_Activity_
The answer is the first line of the listing and every line after it through the one containing "Chlapčenské tepláky s", exact, with pictures removed.

_Dataset entries_

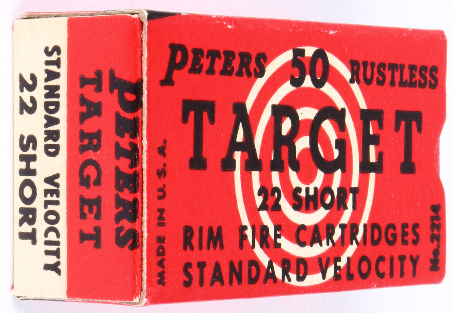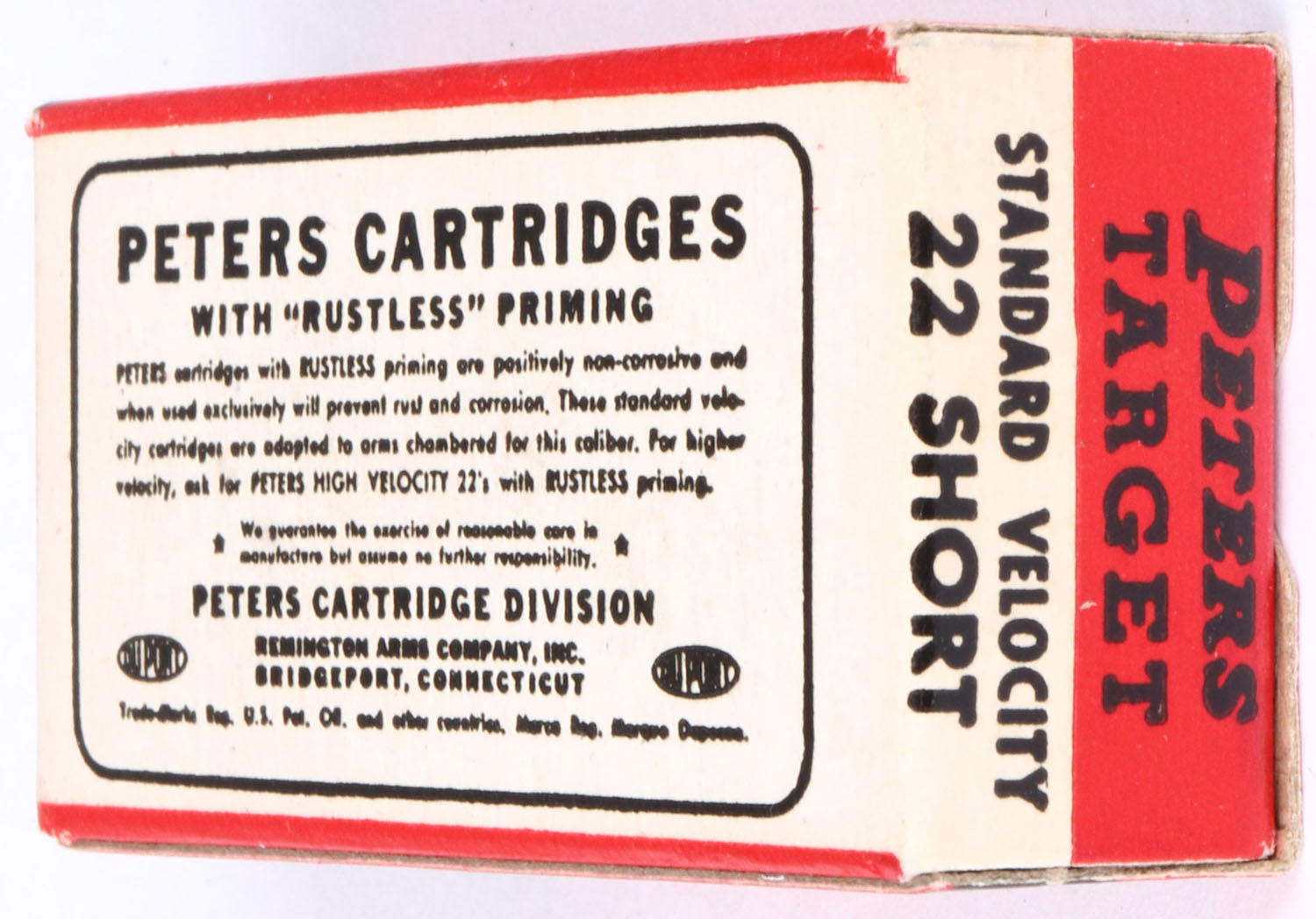 Peters, Target, .22 Short, Standard Velocity, RHWeb: PCC-54C S-2a, Full, 1pc. Red black & white box, box is near mint with excellent to minty color, only very minor age soiling on bottom, corners are sharp, edges are crisp, end flaps are solid, ammo is excellent to minty. Grade: Excellent ++ - Value: 20 to 60
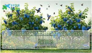 Smart shrub placement strategies involve considering seasonal berry availability and spacing for ideal foraging access.
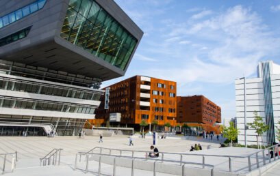 Some People and Students in front of the new and futuristic building of the University of Economics and Business in Vienna.
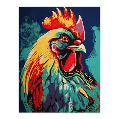 Artery8 Cockerel Rooster Chicken Hen Screenprint Red Yellow Turquoise Vibrant Bold Bright Colourful Painting Extra Large XL Wall Art Poster Print
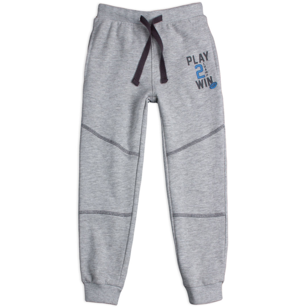 Chlapčenské tepláky s potlačou a ozdobným prešitím. V páse guma a šnúrka na stiahnutie. Praktické vrecká na bokoch a vzadu. Teplákovina na rube bez chĺpku.Dodatočné parametre
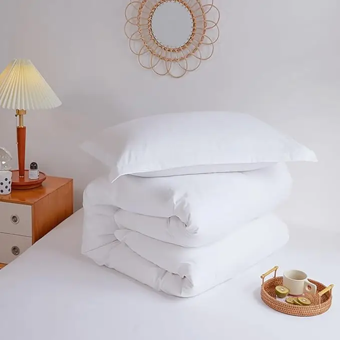 White 50% Polyester 50% Cotton Plain Weave Hotel Bedding Set 4 Piece Durable Easy Care Affordable Price
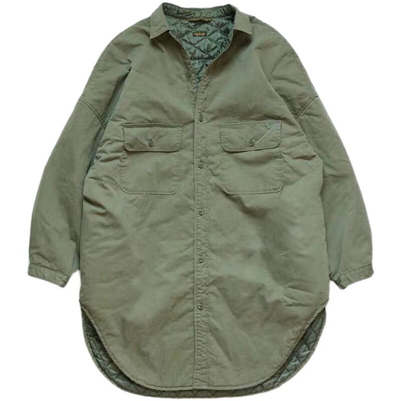 Японская ретро длинная стеганая куртка, средней длины, свободный крой
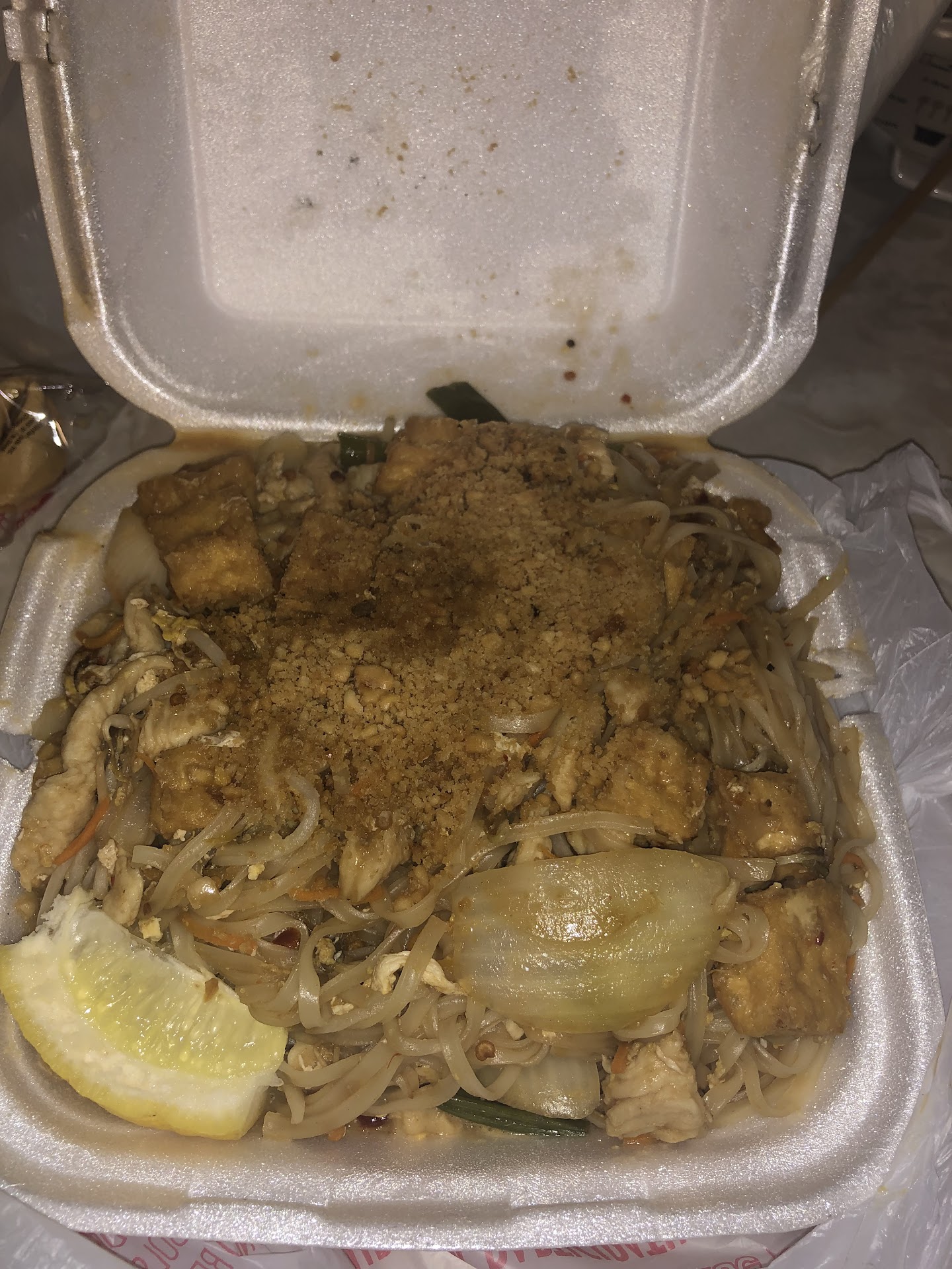 Today we shared the chicken pad Thai with extra egg and added fried tofu. They made the dish perfectly. This was our first time having it and yes, it’s more of a Chinese version of pad Thai I didn’t care for the large chunks of onion I prefer the green onion. The sauce was semi-sweet, but not over the top.

_Answer for the task_
 Peters, Target, .22 Short, Standard Velocity, RHWeb: PCC-54C S-2a, Full, 1pc. Red black & white box, box is near mint with excellent to minty color, only very minor age soiling on bottom, corners are sharp, edges are crisp, end flaps are solid, ammo is excellent to minty. Grade: Excellent ++ - Value: 20 to 60
 Smart shrub placement strategies involve considering seasonal berry availability and spacing for ideal foraging access.
 Some People and Students in front of the new and futuristic building of the University of Economics and Business in Vienna.
 Artery8 Cockerel Rooster Chicken Hen Screenprint Red Yellow Turquoise Vibrant Bold Bright Colourful Painting Extra Large XL Wall Art Poster Print
 Chlapčenské tepláky s potlačou a ozdobným prešitím. V páse guma a šnúrka na stiahnutie. Praktické vrecká na bokoch a vzadu. Teplákovina na rube bez chĺpku.Dodatočné parametre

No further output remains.